5

I'm trying to figure out a way to get an array of URLs from a string of text. The text will be somewhat formatted like this:

Some random text up here

http://techcrunch.com/2012/07/20/kickstarter-flashr-wants-to-make-the-iphones-bezel-a-massive-notification-light/?grcc=88888Z0ZwdgtZ0Z0Z0Z0Z0&grcc2=835637c33f965e6cdd34c87219233711~1342828462249~fca4fa8af1286d8a77f26033fdeed202~510f37324b14c50a5e9121f955fac3fa~1342747216490~0~0~0~0~0~0~0~0~7~3~

http://techcrunch.com/2012/07/20/last-day-to-purchase-extra-early-bird-tickets-for-disrupt-sf/

Obviously, those links can be anything (and there can be many links, those are just the ones I'm testing with now. If I use a simple URL like my regex works fine.

I am using:

preg_match_all('((https?|ftp|gopher|telnet|file|notes|ms-help):'.
    '((//)|(\\\\))+[\w\d:#@%/;$()~_?\+-=\\\.&]*)',
    $bodyMessage, $matches, PREG_PATTERN_ORDER);

When I do a print_r( $matches); the result I get is:

Array ( [0] => Array (
    [0] => http://techcrunch.com/2012/07/20/kickstarter-flashr-wants-to-make-the-iphon=
    [1] => http://techcrunch.com/2012/07/20/last-day-to-purchase-extra-early-bird-tick= 
    [2] => http://techcrunch.co=
    [3] => http://techcrunch.com/2012/07/20/kickstarter-flashr-wants-to-make-the-ip= 
    [4] => http://techcrunch.com/2012/07/20/last-day-to-purc=
    [5] => http://tec=
)
...

None of those items in that array are full links from the links above.

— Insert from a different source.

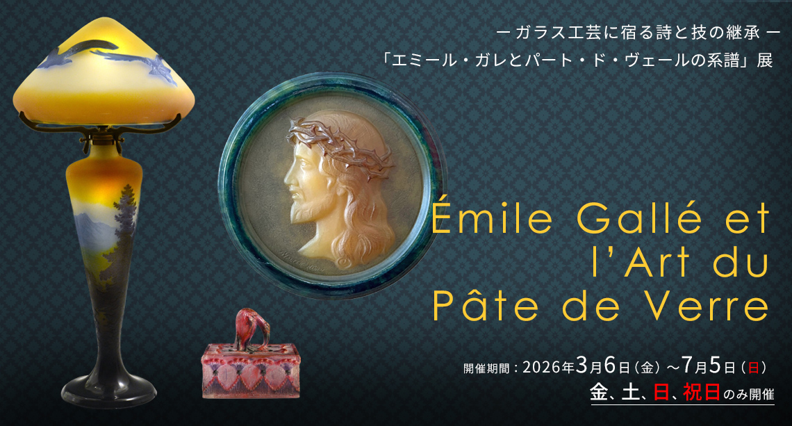 本展では、アール・ヌーヴォーを代表するガラス工芸家エミールガレの作品と共に、パート・ド・ヴェール技法を用いて独自の表現を追求した作家たちの作品もご紹介します。ガレは、植物や昆虫など自然界のモチーフに詩情を重ね、ガラスという素材に哲学的な思想…

Anyone know of a good way to get what I need? I've found a bunch of regex stuff to get links for PHP, but none of it works.

Thanks!

Edit:

Ok, so i'm pulling these links from an e-mail. The script parses the email, grabs the body of the message, and then tries to grab the links from that. After investigating the email, it appears as if it is for some reason adding a space in the middle of the url. Here is the output of the body message as seen by my PHP script.

 --00248c711bb99ca36d04c54ba5c6 Content-Type: text/plain; charset=ISO-8859-1 Content-Transfer-Encoding: quoted-printable http://techcrunch.com/2012/07/20/kickstarter-flashr-wants-to-make-the-iphon= es-bezel-a-massive-notification-light/?grcc=3D88888Z0ZwdgtZ0Z0Z0Z0Z0&grcc2= =3D835637c33f965e6cdd34c87219233711~1342828462249~fca4fa8af1286d8a77f26033f= deed202~510f37324b14c50a5e9121f955fac3fa~1342747216490~0~0~0~0~0~0~0~0~7~3~ http://techcrunch.com/2012/07/20/last-day-to-purchase-extra-early-bird-tick= ets-for-disrupt-sf/ --00248c711bb99ca36d04c54ba5c6 Content-Type: text/html; charset=ISO-8859-1 Content-Transfer-Encoding: quoted-printable 

Any suggestions on how to make it not break the URLS?

EDIT 2

As per Laurnet's suggestion, I ran this code:

 $bodyMessage = str_replace("= ", "",$bodyMessage);

However when I echo that out, it doesn't seem to want to replace "= "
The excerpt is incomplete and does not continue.